GALLUP: Most Americans Taking Global Warming In Stride

By: E&P Staff

A new Gallup Poll reveals an “inconvenient truth” for advocates of taking a strong immediate position to halt global warming: Most of the American public is in no rush. While they are concerned, they see the problems a long way off — and few place global warming near the top of environmental priorities.

There is a partisan divide, however: More Democrats want faster action than most Republicans.

Gallup reports today that “only a small fraction of the public names global warming in unaided measures of perceived problems facing the nation or as a top government priority. Although a majority of Americans say they are at least fairly worried about global warming, the issue ranks near the bottom of other environmental issues rated.

“One answer could be that, while Americans say they are worried about global warming, they also believe the worst manifestations of the problem are a long way off.”

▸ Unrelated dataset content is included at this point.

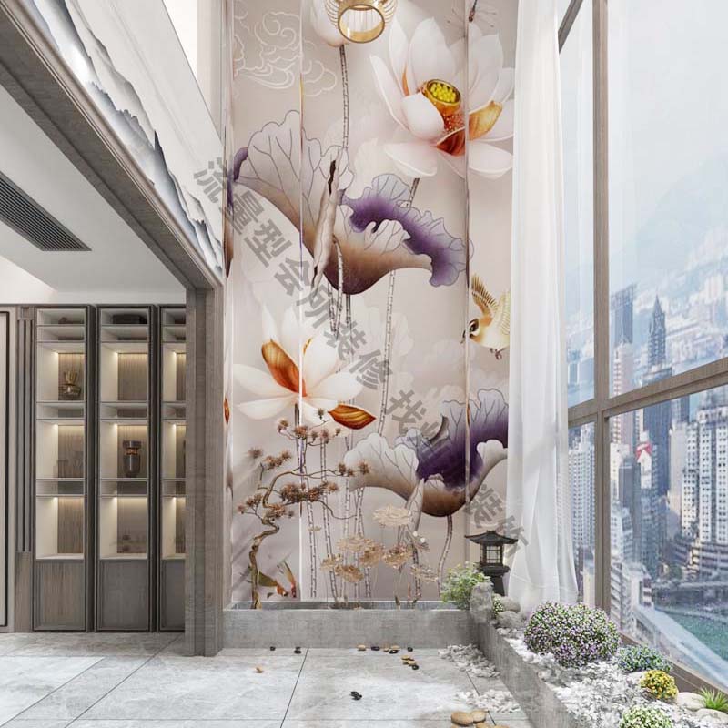 洽談區(qū)使用中式的推拉門隔斷隔開,主坐前方的中式柜不只具有美觀裝飾作用,更影響人們的視覺感知,結(jié)合陽(yáng)臺(tái)的大型荷花手繪,中式建筑與自然地融合,無(wú)一不透露著舒適與愜意。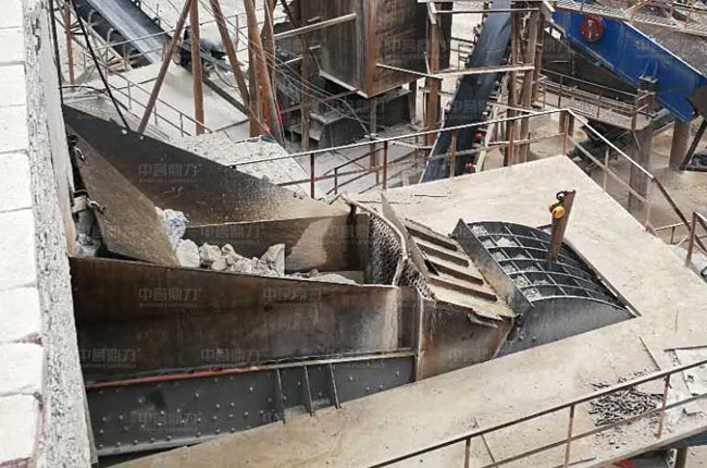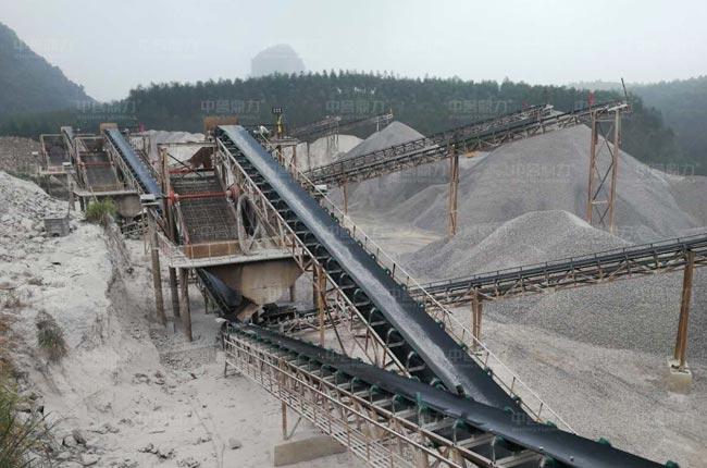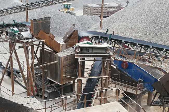 該套時產700-800噸的固定式砂石料生產線中的1615重錘式破碎機破碎比大,可一破成型,加上臨近設計整形破碎機,整個生產線流程設計合理,出料運輸通暢,操作運營方便,相比鄂破反擊破的配置,加工出的石料粒型好,成品質量高,石粉產出率低。

Gallup asked respondents to rate how much they worry about seven different possible effects of global warming, and now relates: “Generally speaking, not much more than one-third of Americans are ‘very worried’ about any of the seven effects of global warming measured in the survey; however, a solid majority are at least ‘somewhat worried’ about nearly all of them.”

At the bottom of the list: 2 out of 3 are not very worried that human life will cease.

The most common concerns: the worsening of weather events such as hurricanes, flooding, and droughts, as well as rising ocean levels swamping coastal areas.

A solid majority of Democrats say they are very, or somewhat, worried about all seven items. At least half of independents worry about six of the seven. No more than 49% of Republicans are worried about ANY of them.

The national poll of 1,018 adults was carried out in late February.